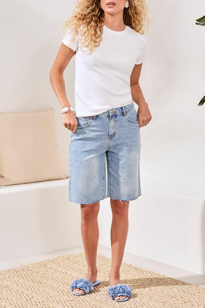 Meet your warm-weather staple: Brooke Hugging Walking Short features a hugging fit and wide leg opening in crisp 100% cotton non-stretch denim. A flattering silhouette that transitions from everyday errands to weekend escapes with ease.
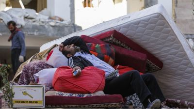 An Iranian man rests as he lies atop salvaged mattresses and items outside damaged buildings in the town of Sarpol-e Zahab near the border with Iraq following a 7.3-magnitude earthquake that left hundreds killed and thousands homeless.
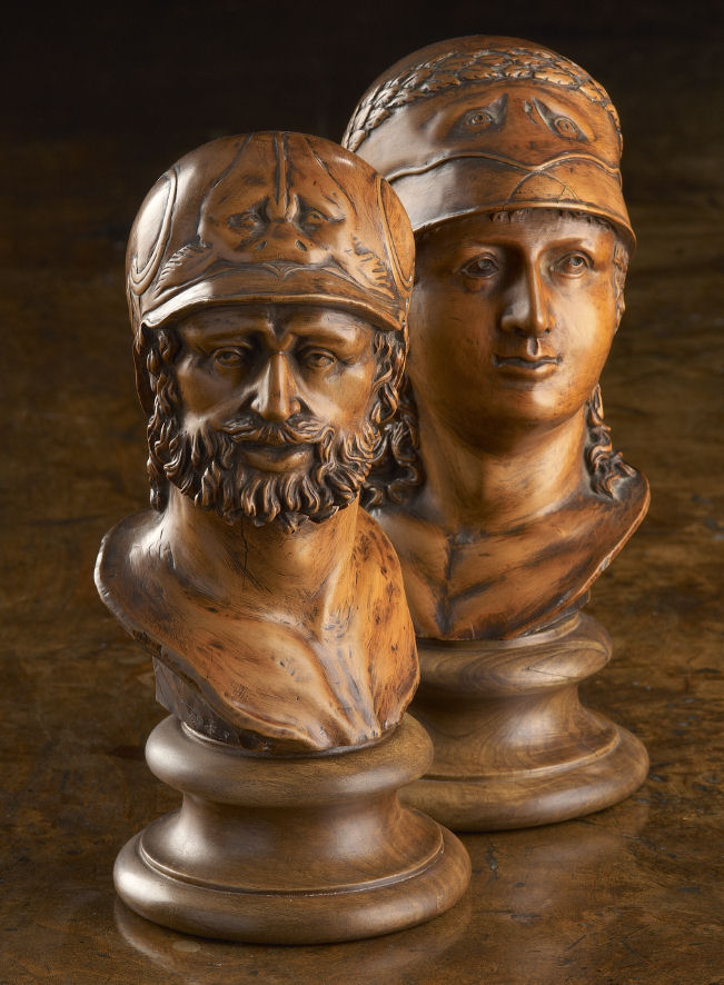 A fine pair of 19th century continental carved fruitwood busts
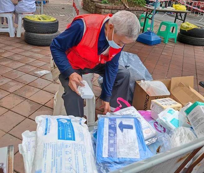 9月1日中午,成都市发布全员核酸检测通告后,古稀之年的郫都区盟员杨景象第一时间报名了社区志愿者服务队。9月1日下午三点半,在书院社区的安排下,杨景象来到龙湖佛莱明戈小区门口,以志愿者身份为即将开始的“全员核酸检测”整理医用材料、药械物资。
***
**Task prompt**
Lines from the one containing "A fine pair" through the end of the listing, both included, are to be restated exactly, and pictures are to be left out.

**Written solution**
 A fine pair of 19th century continental carved fruitwood busts
 9月1日中午,成都市发布全员核酸检测通告后,古稀之年的郫都区盟员杨景象第一时间报名了社区志愿者服务队。9月1日下午三点半,在书院社区的安排下,杨景象来到龙湖佛莱明戈小区门口,以志愿者身份为即将开始的“全员核酸检测”整理医用材料、药械物资。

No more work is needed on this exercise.